There is some 24p stutter that is especially noticeable with wide panning shots. Unlike many other TVs, this cannot be reduced by enabling motion interpolation, as the M-Series does not have this feature.
Similar to the 2017 M-Series, the 2018 Vizio M65-F0 can play 24p content without judder, but only when played from a native 24p source like a Blu-ray player or from the native apps. To remove judder set Film mode to on
The Vizio M-Series 2018 does not support any of the variable refresh rate technologies, including AMD's Freesync 2.
The Vizio M Series 2018 can play almost any content including HDR. It has excellent low input lag both for SDR and HDR content and it is definitely an improvement with regards to inputs from last years model. Appart from the input lag that has almost halved, the TV supports 4k @ 60 Hz @ 4:2:2 or 4:4:4 color on all ports, as long as you set it to 'Full UHD Color'. This year's M-Series also has a tuner, unlike the previous two years' models.
The input lag is superb and almost half of last year's model. To achieve low input lag you must set the 'Game Low Latency' to on as its is the only setting that matters for input lag. All picture modes can have low input lag, however only the 'Computer' mode can show proper 4:4:4 color.

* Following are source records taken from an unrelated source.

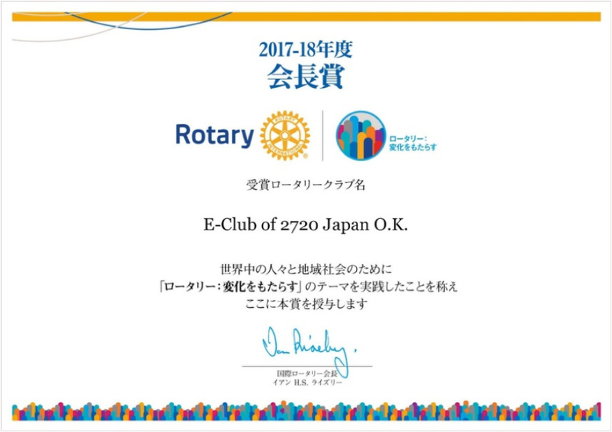 今年度は本当にありがとうございました。これからの2720 Japan O.K.ロータリーEクラブ様の戦略計画の実施によるクラブの活性化を願い、皆様方のご支援に感謝申し上げて、この一年間の御礼とさせていただきます。
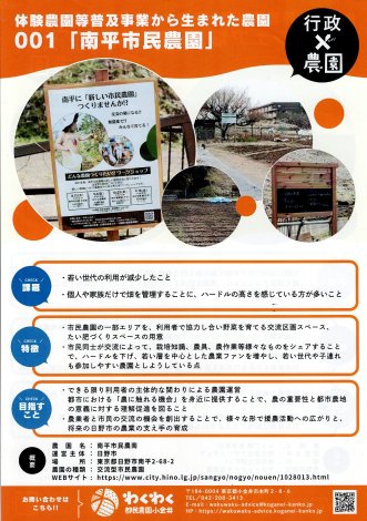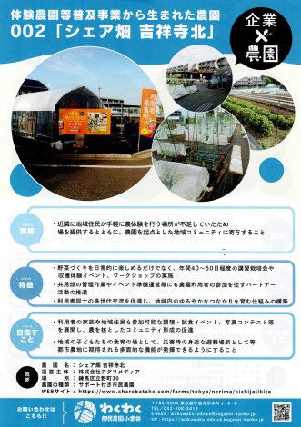 この事業の1号「南平市民農園」(日野市)と2号「シェア畑 吉祥寺北」(練馬区)
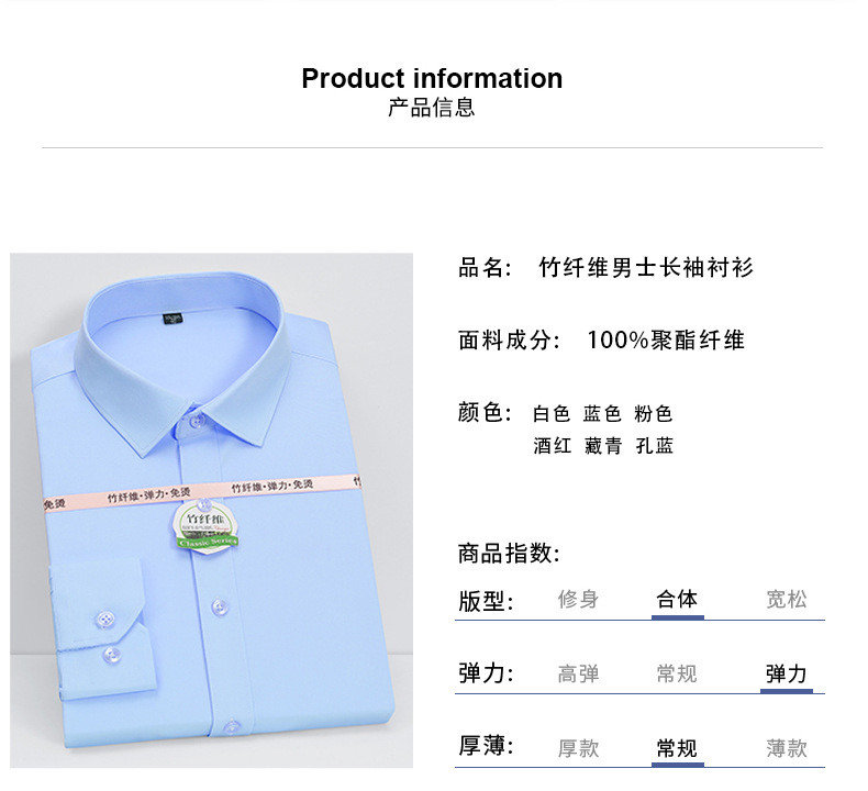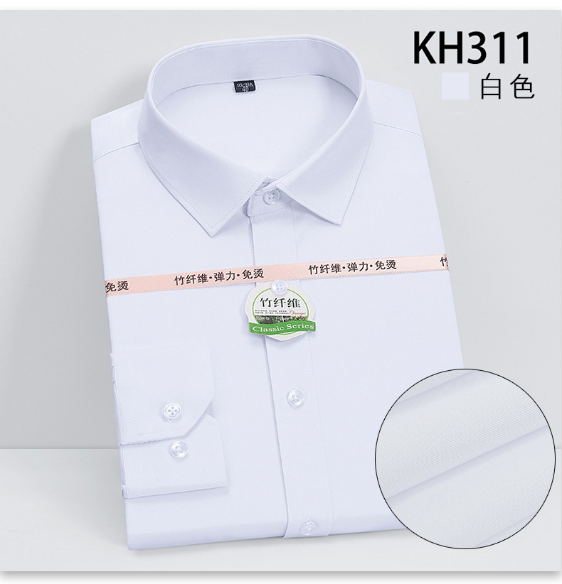 대나무 섬유 남성용 긴팔 셔츠 탄성 케어-무료 편안한 남성 셔츠 비즈니스 전문 공식 착용 흰색 셔츠 플러스 사이즈스토어 가기
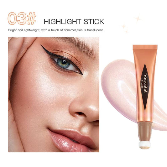 Go Ho Liquid Highlighter Wand,White Pink Highlighter Makeup Stick with Cushion Applicator,Smooth Creamy Liquid Highlighter Blendable Glowing Face Illuminator Contouring Makeup,03# Highlighter Makeup
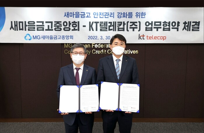 새마을금고중앙회(회장 박차훈)은 보안전문기업 KT텔레캅(대표이사 장지호)과 새마을금고 내 안전관리 강화를 위한 업무협약(MOU)을 체결했다고 31일 밝혔다.

Aside: The TV treated the Leo Bodnar tool differently than the Leo Bodnar + HDFury chain, in a similar way as last year's M Series 2017, but on the M Series 2018 the input lag didn't change as a result. See the Additional Review Notes for more detail.
Most common resolutions are supported at 60Hz except 1440p. However, this TV does not support 120 Hz.
Only in 'Computer' picture mode can 4:4:4 color be displayed properly. This years' model can support 4k @ 60 Hz @ 4:2:2 or 4:4:4 color on all ports, but it works only when 'Full UHD Color' is enabled for that port.
4k @ 60Hz @ 4:4:4 + HDR is also supported.
The inputs on the side include sockets for Component input which is rare for a TV.
The rear inputs include an 'analog audio out' so you can use wireless headphones with no need for adaptors. Also, a 'Cable/Antenna' input is present to accommodate the TV tuner that is included in this year's model.
The sound quality of the Vizio M Series 2018 is ordinary. This TV gets decently loud, but it may not be loud enough for large and noisy environments. It also lacks a lot of bass and doesn't produce much thump or punch. However, it produces clear dialogs and has relatively low distortion. For a better sound, dedicated speakers or a soundbar is recommended.
The frequency response is mediocre. Low-frequency extension (LFE) is at 107Hz, which means this TV doesn't produce a lot of thump or punch in the bass range. The response above the TV's LFE point is good, suggesting clear dialog reproduction. However, there is significant pumping and compression at louder volumes, and since this TV doesn't have a room correction system, it wasn't able to remove the modes of our test room around 200Hz. Additionally, this TV gets decently loud, but it may not be loud enough for large and noisy environments,
The distortion performance of the Vizio M65-F0 is decent. The overall amount of THD produced is within decent limits at 80dB SPL, and there is not a big jump in THD at maximum volume either. However, this TV doesn't get very loud.
The Vizio M Series 65 uses the Vizio SmartCast smart interface. The selection of smart features is very basic, the main attraction is the built-in Chromecast media streaming device, which allows you to stream files from just about anything. There is a small selection of built-in apps that cover the basics, but there is no app store and no way to add additional functionality.